Cette page a été validée par deux contributeurs.
— 20 —

même le sens des idées finit par prévaloir sur leur combinaison et sur l’amusement qu’on peut éprouver à les combiner. L’intelligence mène inévitablement au doute, au découragement, à l’impossibilité de se satisfaire de quoi que ce soit.

Q. — Selon vous, il n’y a rien de possible. Comment faites-vous pour vivre, pourquoi ne vous êtes-vous pas suicidé ?

R. — Il n’y a rien de possible, pas même le suicide.

Q. — En même temps que vous reconnaissez que rien n’est possible, vous semblez perdre vos droits à juger qui que ce soit ?

R. — Le suicide est, quoi qu’on veuille, un acte-désespoir ou un acte-dignité. Se tuer, c’est convenir qu’il y a des obstacles effrayants, des choses à redouter, ou seulement à prendre en considération.

Q. — Selon vous, le suicide est un pis-aller.

R. — Exactement. Et un pis-aller à peine moins antipathique qu’un métier ou qu’une morale.

Q. — Est-ce que le suicide vous semble un geste facile ?

R. — Ce qu’il y a d’un peu héroïque dans ce geste n’est pas ce qui le rend plus sympathique. J’ai toujours horreur des grandes décisions, des partis extrêmes. Pendant la guerre…
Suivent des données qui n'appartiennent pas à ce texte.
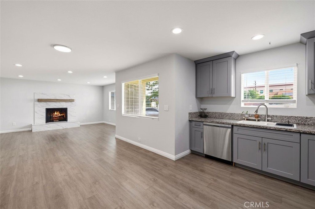 Single Story ranch style home with sparkling pool and spa ready for summer, rare opportunity the home was redone in 2021 to new, park like front yard with grand shade tree, enter into your great room with a center piece fireplace with tile surround open to informal dining area and large newer kitchen with grey shaker style cabinets and granite counter tops, stainless steel appliances, most of the flooring is a grey laminate, large primary suite with attached primary bathroom with newer vanity with granite counters and tile tub and shower combo, back yard is for entertaining, large covered patio overlooking a pool and spa, side yard has imitation grass no water needed, green all year, bed 2 & 3 have laminate floors and hall bath has a newer vanity with granite, and tub/shower combo, laundry hook ups, two car garage, home was redone in 2021, new roof, windows, kitchen, bathrooms, flooring, AC & Heat, water heater, garage door, call agent Adam for more info, run don't walk this homes a winner.
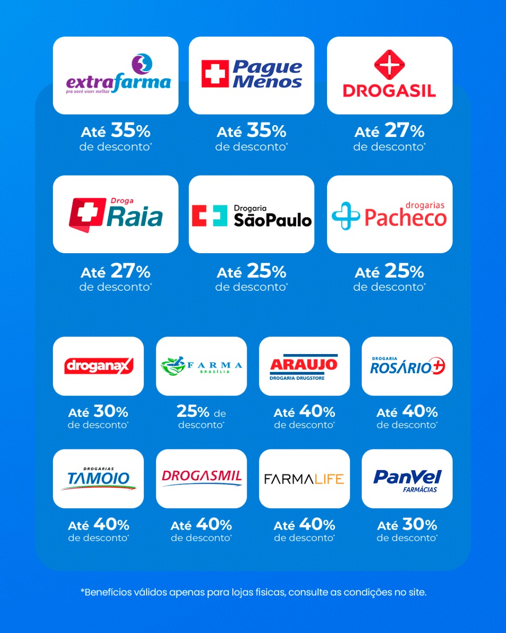 • Drogarias e farmácias com descontos exclusivos no clube de vantagens do Federal Club

Q. — Qu’est-ce que vous faisiez pendant la guerre ?

R. — Sous-lieutenant dans le service automobile à Paris.

Q. — Vous venez de montrer que le suicide ne vous semblait pas défendable, mais vous n’avez toujours pas dit comment, en condamnant tout, vous vous arrangiez pour vivre.

R. — Vivre au jour le jour. Maquereautage. Parasitisme.

M. Pierre Drieu la Rochelle

Q. — Connaissez-vous personnellement M. Maurice Barrès ?

R. — Oui.

Q. — En quelles circonstances l’avez-vous rencontré ?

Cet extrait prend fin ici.